On ArduPilot, Lua runs directly inside the firmware. This means your scripts have access to the same sensors, GPS data, and flight state that the autopilot itself uses, without requiring you to touch a single line of C++. Change a script, restart the scripting engine, and your new logic is running. That cycle is dramatically faster than the compile-flash-test loop that firmware development demands.

Why Lua Belongs on ArduPilot

Knowing that Lua runs inside the firmware is one thing. Understanding why that matters in practice requires looking at what the alternatives actually cost you. There are two common paths developers take before discovering Lua: modifying the ground station interface or editing the firmware itself.

The Problem With the Alternatives

Many developers start by customizing QGroundControl’s user interface through QML programming. That approach works for display and interaction changes, but any logic that belongs on the vehicle itself cannot live in the ground station. Once you need the drone to react to sensor data, you are pushed into C++.

C++ firmware development carries real overhead. You need to understand memory management, navigate the ArduPilot codebase correctly, and recompile and flash the firmware every time you want to test a change. For experienced C++ developers, that process is manageable, but it is slow and error-prone even for them. For anyone new to embedded development, it is a significant barrier.

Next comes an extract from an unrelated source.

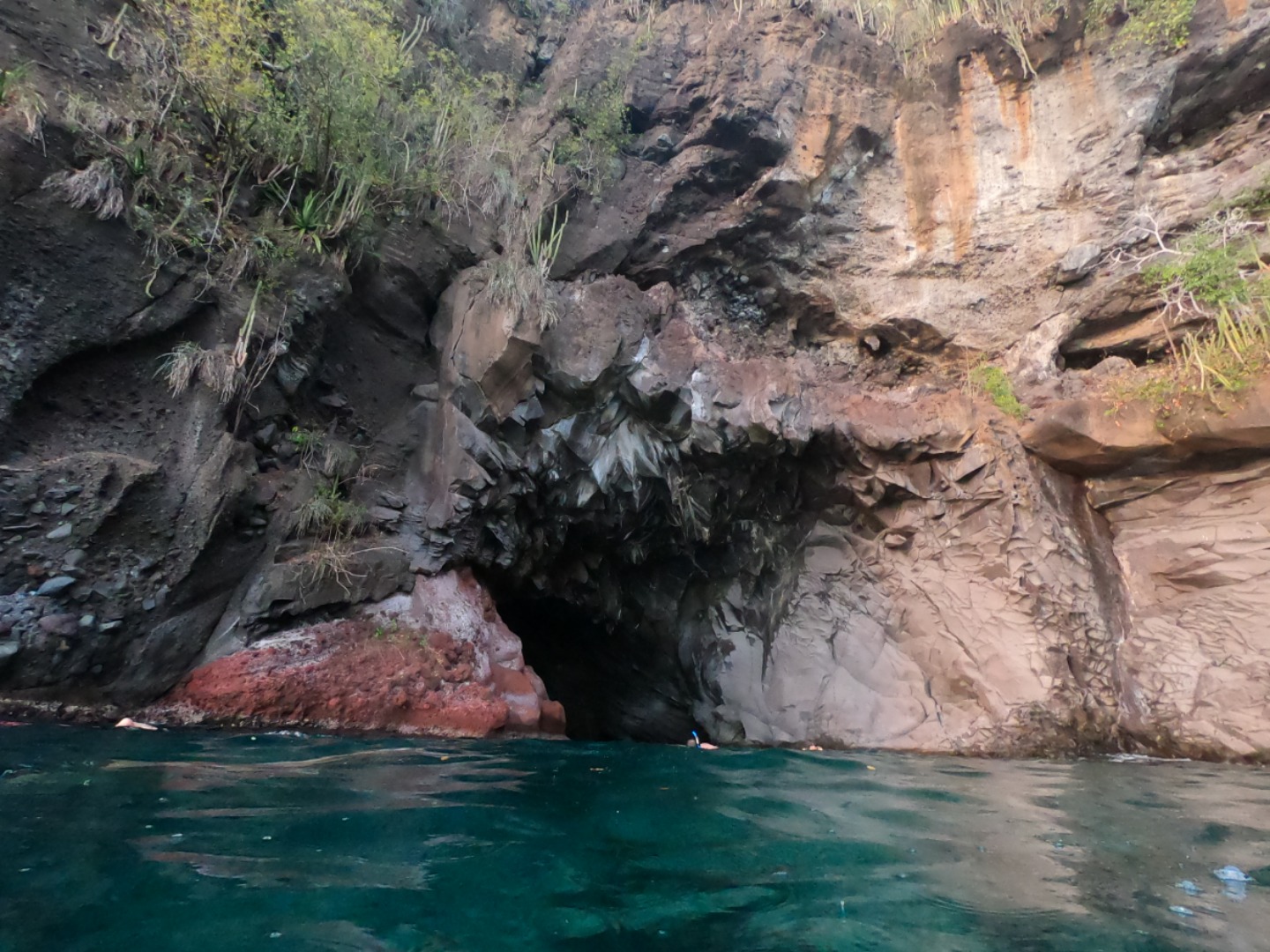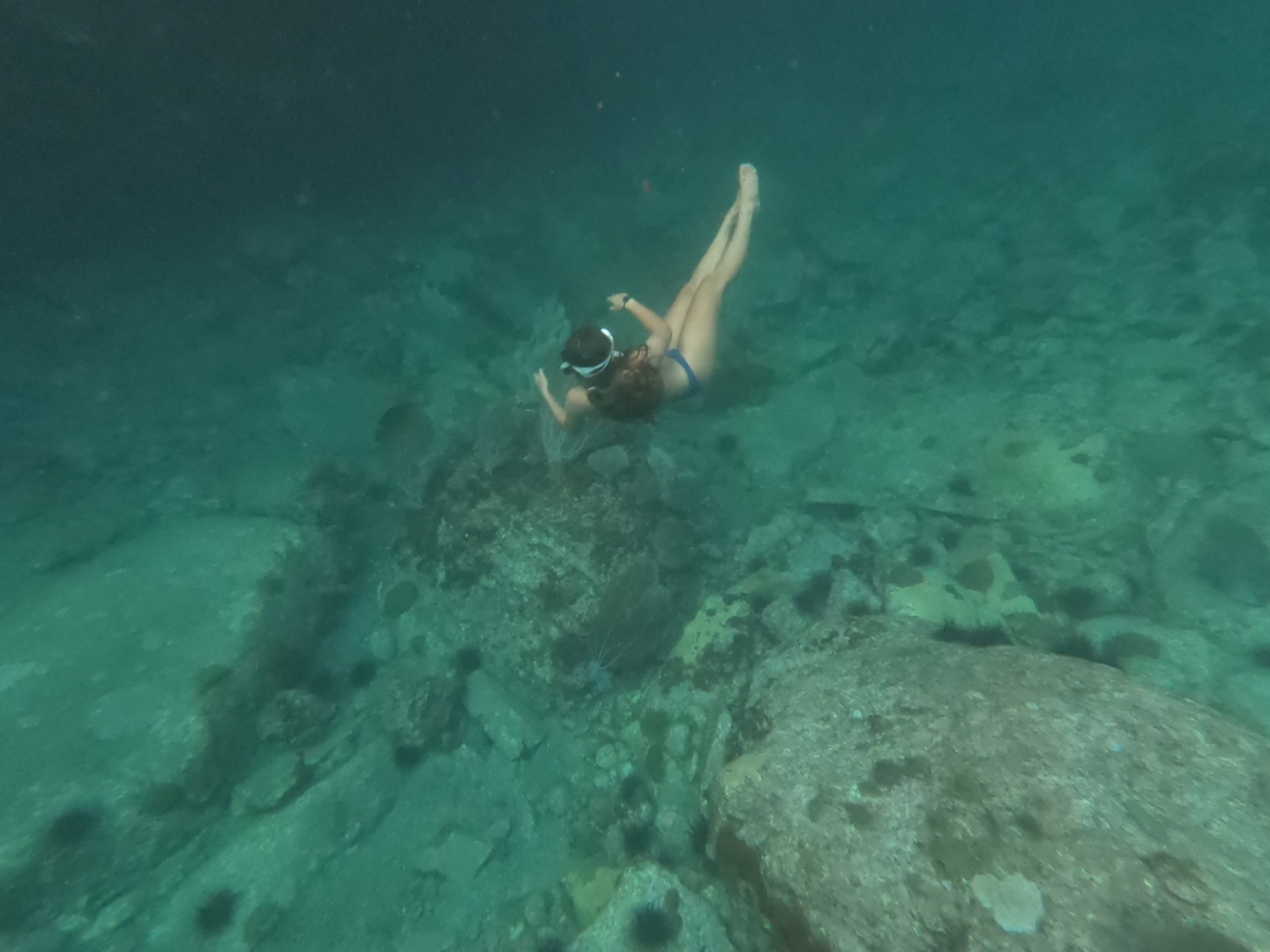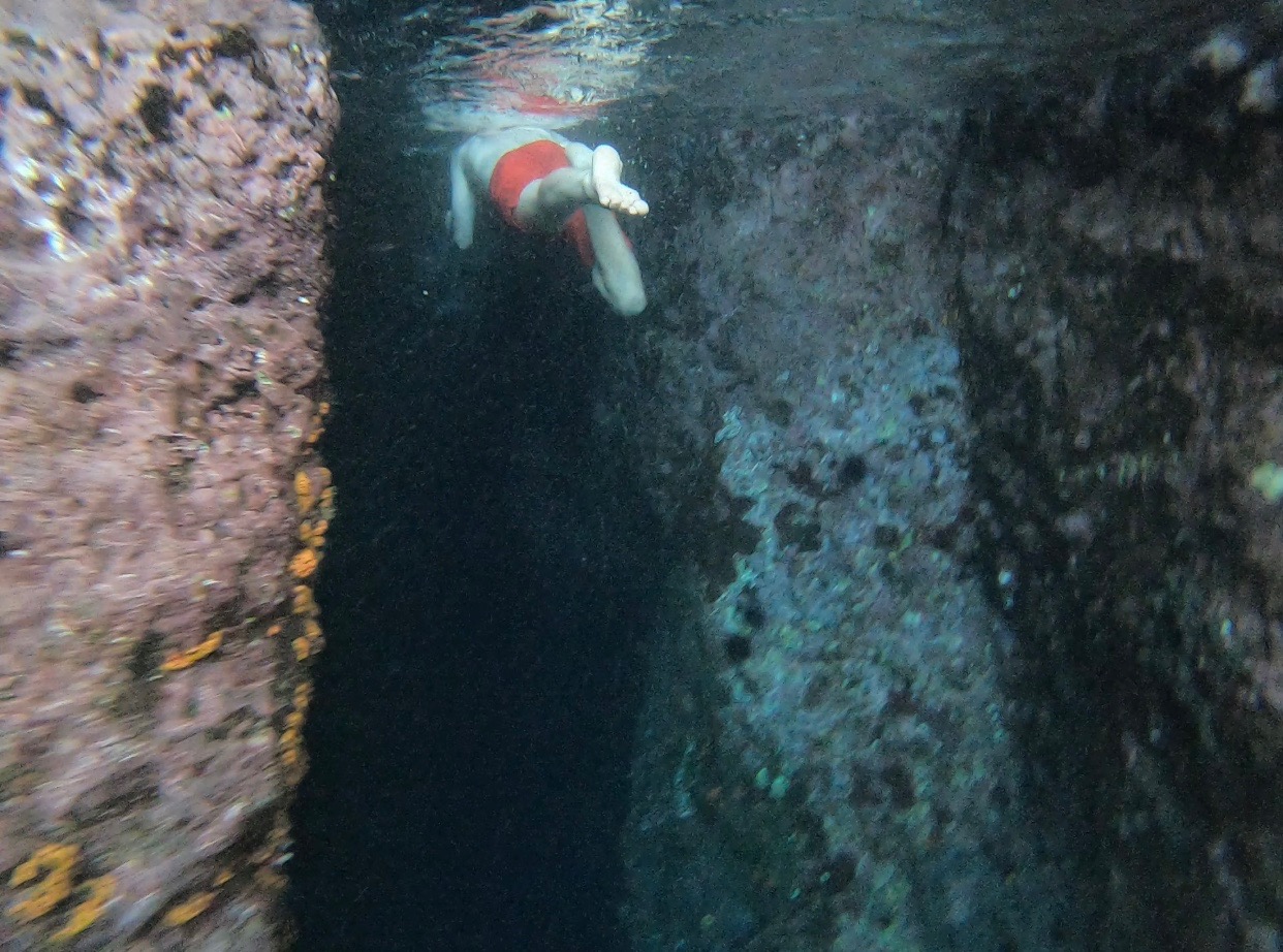 Half of the group went right into their deep dive and came back, telling us all about the lobster and fish they saw. The sun was going down fast, and we had planned a quick snorkel trip to a bat cave, so we hurriedly grabbed our snorkels and dinghied our way to see the bats. It was an otherworldly experience, as Giselle later described it; we first swam towards the entrance of the cave enthusiastically, not expecting a strong current to suck us into the darkness. Bats began to fly above our heads frantically, and all we could hear when we popped our heads out of the water were their screeches. We found a tunnel where we could see some light coming out the other side and decided to investigate. The saltwater river just swept us in, and whenever I thought I was about to hit a rock, I swerved and turned until it all stopped. The current had thrown us out through another entrance. I made sure to pay more attention to the details on the way back. There were some yellowy corals growing on the sides of the tunnel walls as well as sea urchins. When I looked down, all I could see where the two walls of the cave falling into endless darkness. I could barely see the person in front of me. We were once again thrust out of the tunnel into the main part of the cave and swam out to the dinghy. We made our way back to Argo while the sun quickly tucked in over the horizon, leaving her footprints in the sky.

An orange flight controller module labeled ‘Cube’ is held in someone’s hand above a black autopilot circuit board with multiple connectors.

What Lua Gives You Instead

Lua sidesteps all of that. It runs directly onboard the flight controller, inside the firmware, with access to the same GPS data, sensor readings, and flight state that ArduPilot itself uses. When you want to try a new idea, you change the script, restart the scripting engine, and the new logic is live. No recompilation, no flashing.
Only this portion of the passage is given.